== Segment start ==

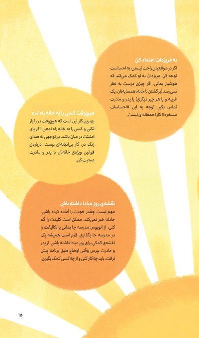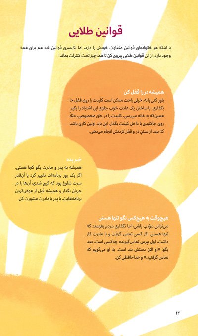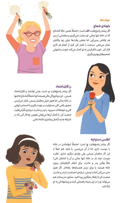 این کتاب راهنمایی است که به تو یاد می دهد وقتی در خانه تنها هستی، چطوری خودت را کنترل کنی و احساس اعتماد به نفس داشته باشی. وقتی در خانه تنها هستی، چه برای نیم ساعت یا یک روز کامل، باید خودت را برای این موارد آماده کنی:
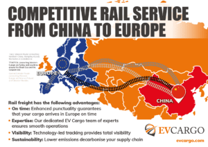 Efficiently transporting goods from key Chinese manufacturing hubs is at the foundation of operations for many businesses. That’s why at EV Cargo, we have a vast strategic network of freight solutions that allow shipping from China to Europe in a reliable, regular and cost-effective manner.
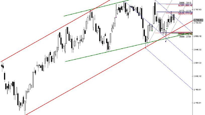 Niewątpliwie istotną rolę na wykresie kontraktów odgrywa ostatnio przedział oporu Fibonacciego: 2775 – 2779 pkt. Jak wiadomo w miniony piątek właśnie tutaj doszło do uformowania się lokalnego punktu zwrotnego.
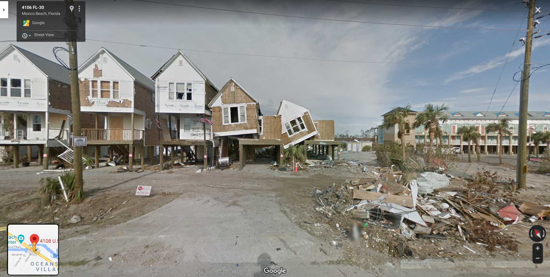 The satellite imagery is horrible it shows the whole town full of debris. The street view shows the aftermath from hurricane Michael.
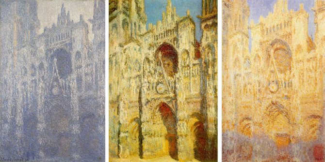 In a regular room with warm-colored interior and windows facing north, a similar effect of “warm shadows – cold light” can be observed. Warm shadows will be created by secondary light sources reflected from the walls, floor, and furniture, while the light coming from the north-facing window will have a bluish and cold tone. Swedish artist Anders Zorn painted his wife Emma under such circumstances:
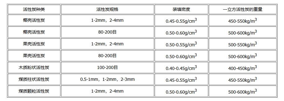 下表是竹之韵活性炭厂家根据产品的实际情况,为大家总结几种不同类型活性炭产品的装填密度,以及不同规格、种类活性炭一立方的重量,希望对大家有所帮助。

== Segment end ==

** ASSIGNMENT **
Word for word, write out each line of the records, but leave the pictures behind.

** RESPONSE TO THIS TASK **
 این کتاب راهنمایی است که به تو یاد می دهد وقتی در خانه تنها هستی، چطوری خودت را کنترل کنی و احساس اعتماد به نفس داشته باشی. وقتی در خانه تنها هستی، چه برای نیم ساعت یا یک روز کامل، باید خودت را برای این موارد آماده کنی:
 Efficiently transporting goods from key Chinese manufacturing hubs is at the foundation of operations for many businesses. That’s why at EV Cargo, we have a vast strategic network of freight solutions that allow shipping from China to Europe in a reliable, regular and cost-effective manner.
 Niewątpliwie istotną rolę na wykresie kontraktów odgrywa ostatnio przedział oporu Fibonacciego: 2775 – 2779 pkt. Jak wiadomo w miniony piątek właśnie tutaj doszło do uformowania się lokalnego punktu zwrotnego.
 The satellite imagery is horrible it shows the whole town full of debris. The street view shows the aftermath from hurricane Michael.
 In a regular room with warm-colored interior and windows facing north, a similar effect of “warm shadows – cold light” can be observed. Warm shadows will be created by secondary light sources reflected from the walls, floor, and furniture, while the light coming from the north-facing window will have a bluish and cold tone. Swedish artist Anders Zorn painted his wife Emma under such circumstances:
 下表是竹之韵活性炭厂家根据产品的实际情况,为大家总结几种不同类型活性炭产品的装填密度,以及不同规格、种类活性炭一立方的重量,希望对大家有所帮助。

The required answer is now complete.